======== Recorded information

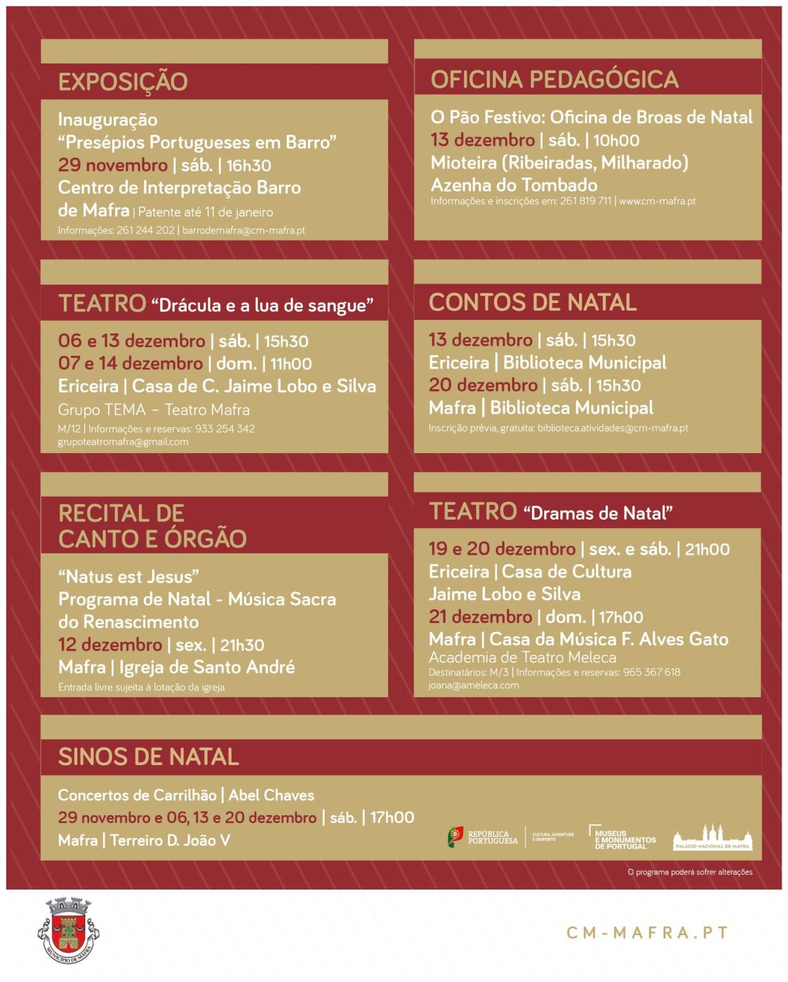 Carrossel, pista de gelo, circo, animação de rua, atividades infantis e o tradicional Mercadinho de Natal. De 29 de novembro a 6 de janeiro, a quadra natalícia volta a encher de alegria as ruas das vilas de Mafra e da Ericeira.
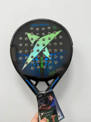 Pala de pádel Drop Shot Delta 2.0 AMB Pro. - Diseño con acabado en carbono. - Detalles en azul y verde iridiscente. - Incluye etiqueta original.
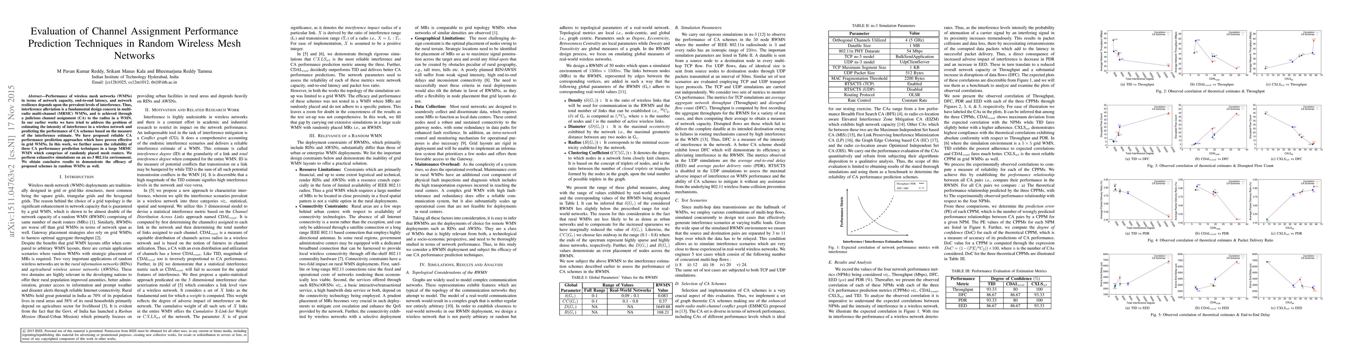 This paper evaluates the effectiveness of previously proposed channel assignment performance prediction techniques in random wireless mesh networks, demonstrating their reliability through extensive simulations in a ns-3 802.11n environment. The results confirm the efficacy of these techniques in managing interference and predicting performance in large, randomly deployed mesh networks.
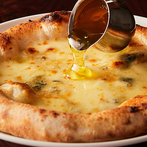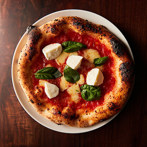 外はサクサク・中はもっちりの本格ナポリピッツァ生地には、最高級イタリア産の小麦粉全粒粉を使用。極限まで加水率を高めた生地を48時間発酵させ、400度まで熱したピザ専用窯で焼き上げます。

================

* Your task
Exactly as written, restate the lines from the one that contains "Pala de pádel" through the final line of the data, both ends included, but leave out the pictures.

* Exercise response
 Pala de pádel Drop Shot Delta 2.0 AMB Pro. - Diseño con acabado en carbono. - Detalles en azul y verde iridiscente. - Incluye etiqueta original.
 This paper evaluates the effectiveness of previously proposed channel assignment performance prediction techniques in random wireless mesh networks, demonstrating their reliability through extensive simulations in a ns-3 802.11n environment. The results confirm the efficacy of these techniques in managing interference and predicting performance in large, randomly deployed mesh networks.
 外はサクサク・中はもっちりの本格ナポリピッツァ生地には、最高級イタリア産の小麦粉全粒粉を使用。極限まで加水率を高めた生地を48時間発酵させ、400度まで熱したピザ専用窯で焼き上げます。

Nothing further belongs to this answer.